====== Source records

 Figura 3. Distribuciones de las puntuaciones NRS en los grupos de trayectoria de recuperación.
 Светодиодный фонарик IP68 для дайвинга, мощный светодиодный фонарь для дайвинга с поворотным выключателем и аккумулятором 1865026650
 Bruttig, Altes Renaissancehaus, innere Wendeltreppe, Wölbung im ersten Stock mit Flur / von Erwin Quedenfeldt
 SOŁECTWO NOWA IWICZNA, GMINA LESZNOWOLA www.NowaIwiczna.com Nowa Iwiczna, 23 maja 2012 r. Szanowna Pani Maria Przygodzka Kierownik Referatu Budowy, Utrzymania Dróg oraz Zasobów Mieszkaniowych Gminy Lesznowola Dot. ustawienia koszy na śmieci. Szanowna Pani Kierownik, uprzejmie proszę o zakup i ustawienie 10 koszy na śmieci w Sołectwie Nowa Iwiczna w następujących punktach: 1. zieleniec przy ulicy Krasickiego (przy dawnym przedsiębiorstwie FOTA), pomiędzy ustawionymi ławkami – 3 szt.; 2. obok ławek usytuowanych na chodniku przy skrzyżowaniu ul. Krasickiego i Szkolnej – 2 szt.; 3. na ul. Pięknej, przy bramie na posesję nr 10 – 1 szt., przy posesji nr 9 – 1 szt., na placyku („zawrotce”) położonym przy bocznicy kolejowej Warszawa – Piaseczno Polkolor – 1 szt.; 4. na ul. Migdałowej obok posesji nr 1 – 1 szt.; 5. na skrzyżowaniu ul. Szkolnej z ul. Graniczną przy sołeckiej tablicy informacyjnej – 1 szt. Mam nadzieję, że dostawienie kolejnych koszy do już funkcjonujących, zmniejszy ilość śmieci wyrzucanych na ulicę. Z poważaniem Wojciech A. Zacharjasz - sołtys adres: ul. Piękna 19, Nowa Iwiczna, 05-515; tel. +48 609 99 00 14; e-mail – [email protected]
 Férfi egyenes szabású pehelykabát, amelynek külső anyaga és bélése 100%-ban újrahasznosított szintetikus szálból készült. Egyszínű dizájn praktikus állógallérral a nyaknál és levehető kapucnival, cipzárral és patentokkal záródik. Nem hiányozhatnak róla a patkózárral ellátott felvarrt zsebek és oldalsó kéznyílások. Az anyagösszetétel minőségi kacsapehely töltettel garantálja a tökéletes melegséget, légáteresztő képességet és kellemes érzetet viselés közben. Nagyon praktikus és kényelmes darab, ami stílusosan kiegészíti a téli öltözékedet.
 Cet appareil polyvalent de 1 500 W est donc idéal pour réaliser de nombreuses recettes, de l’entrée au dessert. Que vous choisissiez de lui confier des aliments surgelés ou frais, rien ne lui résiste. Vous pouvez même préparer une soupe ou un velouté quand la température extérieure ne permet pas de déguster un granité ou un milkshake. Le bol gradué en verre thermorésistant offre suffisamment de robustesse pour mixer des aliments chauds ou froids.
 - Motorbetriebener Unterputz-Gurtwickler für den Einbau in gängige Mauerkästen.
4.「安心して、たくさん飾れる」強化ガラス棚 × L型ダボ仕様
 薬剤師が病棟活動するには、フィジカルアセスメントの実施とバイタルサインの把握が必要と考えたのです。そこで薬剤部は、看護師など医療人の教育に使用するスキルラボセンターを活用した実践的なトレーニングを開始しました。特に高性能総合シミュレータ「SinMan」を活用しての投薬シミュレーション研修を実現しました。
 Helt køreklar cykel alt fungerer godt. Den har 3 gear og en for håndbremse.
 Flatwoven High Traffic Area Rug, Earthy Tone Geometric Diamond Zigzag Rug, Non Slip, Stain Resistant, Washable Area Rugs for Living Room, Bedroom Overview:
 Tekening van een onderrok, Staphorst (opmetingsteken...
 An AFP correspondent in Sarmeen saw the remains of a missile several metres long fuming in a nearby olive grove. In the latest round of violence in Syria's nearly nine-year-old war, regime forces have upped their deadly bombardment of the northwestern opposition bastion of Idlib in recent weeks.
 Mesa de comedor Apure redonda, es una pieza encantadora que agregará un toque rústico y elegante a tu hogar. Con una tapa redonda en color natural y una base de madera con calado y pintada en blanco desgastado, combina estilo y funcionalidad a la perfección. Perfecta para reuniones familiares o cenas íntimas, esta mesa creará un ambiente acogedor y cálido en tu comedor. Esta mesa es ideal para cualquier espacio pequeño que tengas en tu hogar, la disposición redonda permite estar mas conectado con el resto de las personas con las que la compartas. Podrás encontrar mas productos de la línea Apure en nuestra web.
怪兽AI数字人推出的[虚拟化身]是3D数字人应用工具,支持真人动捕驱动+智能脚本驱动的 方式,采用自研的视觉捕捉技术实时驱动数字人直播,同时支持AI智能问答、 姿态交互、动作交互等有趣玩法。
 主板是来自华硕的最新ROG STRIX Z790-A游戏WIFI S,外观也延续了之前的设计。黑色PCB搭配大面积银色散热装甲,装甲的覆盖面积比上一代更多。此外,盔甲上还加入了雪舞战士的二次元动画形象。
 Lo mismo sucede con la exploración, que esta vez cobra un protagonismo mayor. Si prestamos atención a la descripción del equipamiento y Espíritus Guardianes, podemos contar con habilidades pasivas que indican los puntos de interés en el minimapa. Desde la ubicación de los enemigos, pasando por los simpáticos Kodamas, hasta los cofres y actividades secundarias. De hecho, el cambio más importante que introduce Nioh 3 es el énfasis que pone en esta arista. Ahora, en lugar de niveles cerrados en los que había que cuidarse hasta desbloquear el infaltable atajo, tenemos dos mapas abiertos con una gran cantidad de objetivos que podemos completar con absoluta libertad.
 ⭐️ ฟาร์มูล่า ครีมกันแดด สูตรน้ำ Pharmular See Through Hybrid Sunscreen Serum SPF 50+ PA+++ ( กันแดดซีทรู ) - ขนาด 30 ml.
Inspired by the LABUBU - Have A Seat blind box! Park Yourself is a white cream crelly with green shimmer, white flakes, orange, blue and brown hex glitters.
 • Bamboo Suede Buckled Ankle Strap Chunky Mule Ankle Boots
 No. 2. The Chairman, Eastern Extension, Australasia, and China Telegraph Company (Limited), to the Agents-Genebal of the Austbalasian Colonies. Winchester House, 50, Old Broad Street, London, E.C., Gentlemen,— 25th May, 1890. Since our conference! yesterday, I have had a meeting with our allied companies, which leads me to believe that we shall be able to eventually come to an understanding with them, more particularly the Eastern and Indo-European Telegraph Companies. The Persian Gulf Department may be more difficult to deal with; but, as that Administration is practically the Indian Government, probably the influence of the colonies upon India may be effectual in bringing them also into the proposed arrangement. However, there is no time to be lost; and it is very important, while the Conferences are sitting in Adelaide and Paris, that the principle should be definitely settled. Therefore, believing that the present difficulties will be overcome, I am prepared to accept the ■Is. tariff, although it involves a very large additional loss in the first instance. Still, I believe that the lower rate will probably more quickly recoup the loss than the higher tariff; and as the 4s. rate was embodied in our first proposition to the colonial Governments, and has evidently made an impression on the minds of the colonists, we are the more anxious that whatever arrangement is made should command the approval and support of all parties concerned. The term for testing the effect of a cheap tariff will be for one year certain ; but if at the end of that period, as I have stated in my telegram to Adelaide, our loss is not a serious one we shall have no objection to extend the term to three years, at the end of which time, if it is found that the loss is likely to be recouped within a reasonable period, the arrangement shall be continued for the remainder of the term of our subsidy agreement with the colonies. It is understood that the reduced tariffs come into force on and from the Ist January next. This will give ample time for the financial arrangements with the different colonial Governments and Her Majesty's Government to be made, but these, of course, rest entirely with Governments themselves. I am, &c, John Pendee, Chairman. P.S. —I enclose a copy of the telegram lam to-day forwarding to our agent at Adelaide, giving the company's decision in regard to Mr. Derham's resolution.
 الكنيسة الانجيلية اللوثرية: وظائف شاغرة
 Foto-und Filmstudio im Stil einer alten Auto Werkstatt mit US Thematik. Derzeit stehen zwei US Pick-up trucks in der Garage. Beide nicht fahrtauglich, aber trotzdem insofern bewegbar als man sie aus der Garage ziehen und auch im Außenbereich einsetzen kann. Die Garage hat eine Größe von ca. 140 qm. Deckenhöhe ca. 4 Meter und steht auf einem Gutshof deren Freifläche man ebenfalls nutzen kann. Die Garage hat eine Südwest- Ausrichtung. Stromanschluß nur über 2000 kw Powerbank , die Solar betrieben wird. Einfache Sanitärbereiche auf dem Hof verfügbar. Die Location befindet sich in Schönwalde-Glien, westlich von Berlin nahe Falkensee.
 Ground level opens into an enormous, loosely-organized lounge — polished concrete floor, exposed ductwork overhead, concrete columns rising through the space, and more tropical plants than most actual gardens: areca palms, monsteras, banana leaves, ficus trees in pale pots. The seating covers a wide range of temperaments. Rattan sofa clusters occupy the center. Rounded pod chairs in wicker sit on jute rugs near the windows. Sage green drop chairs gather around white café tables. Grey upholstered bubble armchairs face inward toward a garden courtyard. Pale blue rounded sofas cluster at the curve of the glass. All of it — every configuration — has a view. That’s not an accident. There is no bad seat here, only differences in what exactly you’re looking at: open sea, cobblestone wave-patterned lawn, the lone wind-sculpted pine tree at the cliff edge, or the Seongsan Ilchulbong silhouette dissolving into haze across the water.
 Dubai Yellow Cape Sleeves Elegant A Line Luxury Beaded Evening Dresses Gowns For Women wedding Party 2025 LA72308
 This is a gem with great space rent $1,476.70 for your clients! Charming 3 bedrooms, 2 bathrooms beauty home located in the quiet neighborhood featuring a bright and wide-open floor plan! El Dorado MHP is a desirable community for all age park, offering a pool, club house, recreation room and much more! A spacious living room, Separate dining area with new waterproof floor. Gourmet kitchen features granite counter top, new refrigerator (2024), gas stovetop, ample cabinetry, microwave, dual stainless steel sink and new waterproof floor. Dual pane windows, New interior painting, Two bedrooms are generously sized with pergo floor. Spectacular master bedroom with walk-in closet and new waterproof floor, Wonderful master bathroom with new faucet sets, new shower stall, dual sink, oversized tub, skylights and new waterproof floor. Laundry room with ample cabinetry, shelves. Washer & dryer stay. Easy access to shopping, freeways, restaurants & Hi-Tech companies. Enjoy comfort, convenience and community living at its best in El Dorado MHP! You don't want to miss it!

============

### About this exercise
Using the entries above, give again exactly the lines from the line holding "Ground level opens" through the line holding "Dubai Yellow Cape". Include both end lines and nothing else.

### Task output
 Ground level opens into an enormous, loosely-organized lounge — polished concrete floor, exposed ductwork overhead, concrete columns rising through the space, and more tropical plants than most actual gardens: areca palms, monsteras, banana leaves, ficus trees in pale pots. The seating covers a wide range of temperaments. Rattan sofa clusters occupy the center. Rounded pod chairs in wicker sit on jute rugs near the windows. Sage green drop chairs gather around white café tables. Grey upholstered bubble armchairs face inward toward a garden courtyard. Pale blue rounded sofas cluster at the curve of the glass. All of it — every configuration — has a view. That’s not an accident. There is no bad seat here, only differences in what exactly you’re looking at: open sea, cobblestone wave-patterned lawn, the lone wind-sculpted pine tree at the cliff edge, or the Seongsan Ilchulbong silhouette dissolving into haze across the water.
 Dubai Yellow Cape Sleeves Elegant A Line Luxury Beaded Evening Dresses Gowns For Women wedding Party 2025 LA72308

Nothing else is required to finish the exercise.